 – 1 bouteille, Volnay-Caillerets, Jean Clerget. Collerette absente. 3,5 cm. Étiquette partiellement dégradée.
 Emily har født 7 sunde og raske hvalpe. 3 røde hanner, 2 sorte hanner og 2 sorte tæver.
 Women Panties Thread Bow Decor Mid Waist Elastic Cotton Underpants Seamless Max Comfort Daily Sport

...

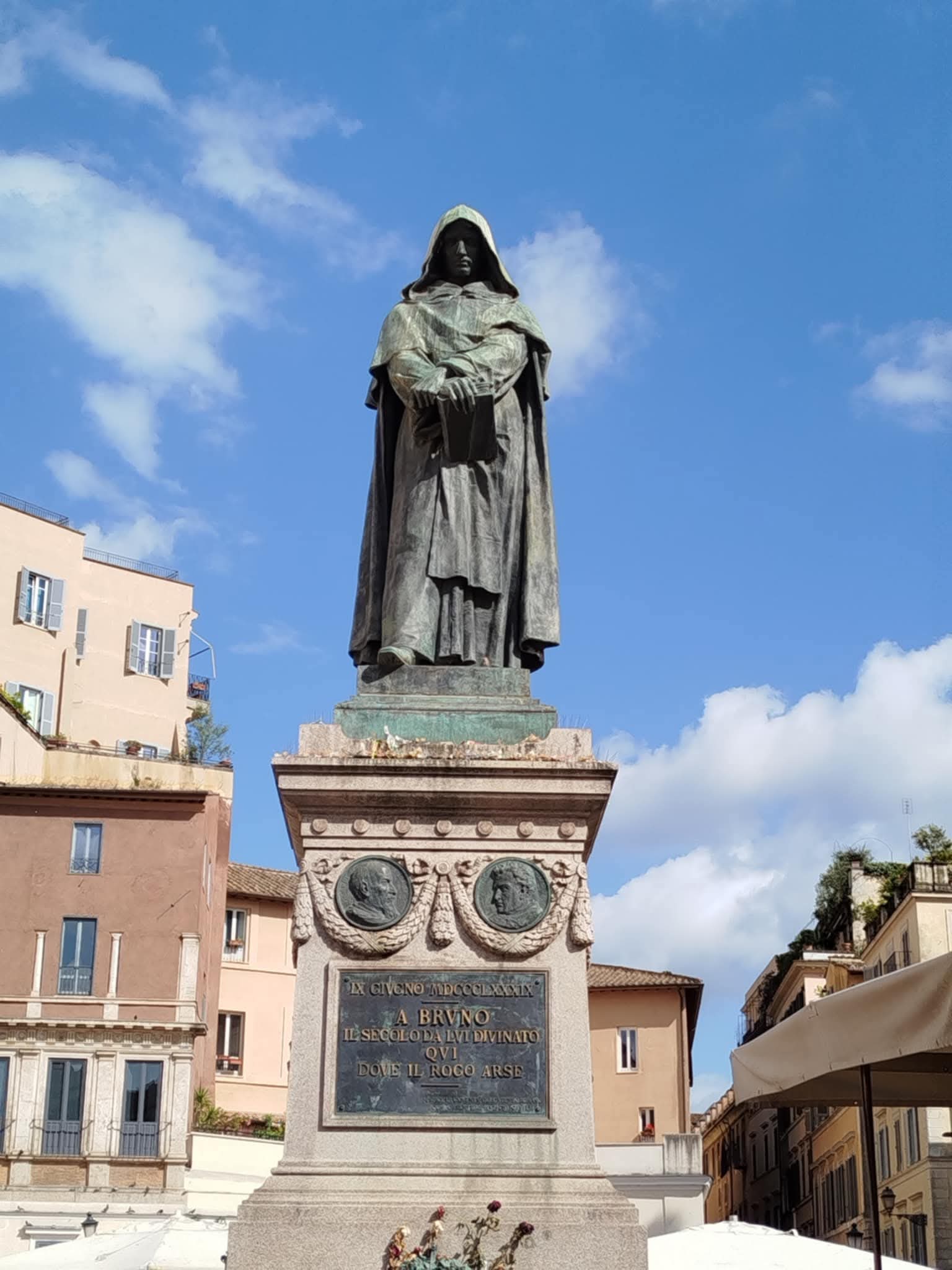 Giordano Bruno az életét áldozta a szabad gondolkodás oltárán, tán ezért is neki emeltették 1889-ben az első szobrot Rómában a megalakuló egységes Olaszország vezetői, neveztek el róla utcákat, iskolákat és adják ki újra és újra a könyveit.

**PROBLEM REQUIREMENTS:** Using the records above, set down exactly the lines from the one with "Emily har født" through the one with "Women Panties Thread", inclusive, and nothing more.

**FINISHED EXERCISE:**
 Emily har født 7 sunde og raske hvalpe. 3 røde hanner, 2 sorte hanner og 2 sorte tæver.
 Women Panties Thread Bow Decor Mid Waist Elastic Cotton Underpants Seamless Max Comfort Daily Sport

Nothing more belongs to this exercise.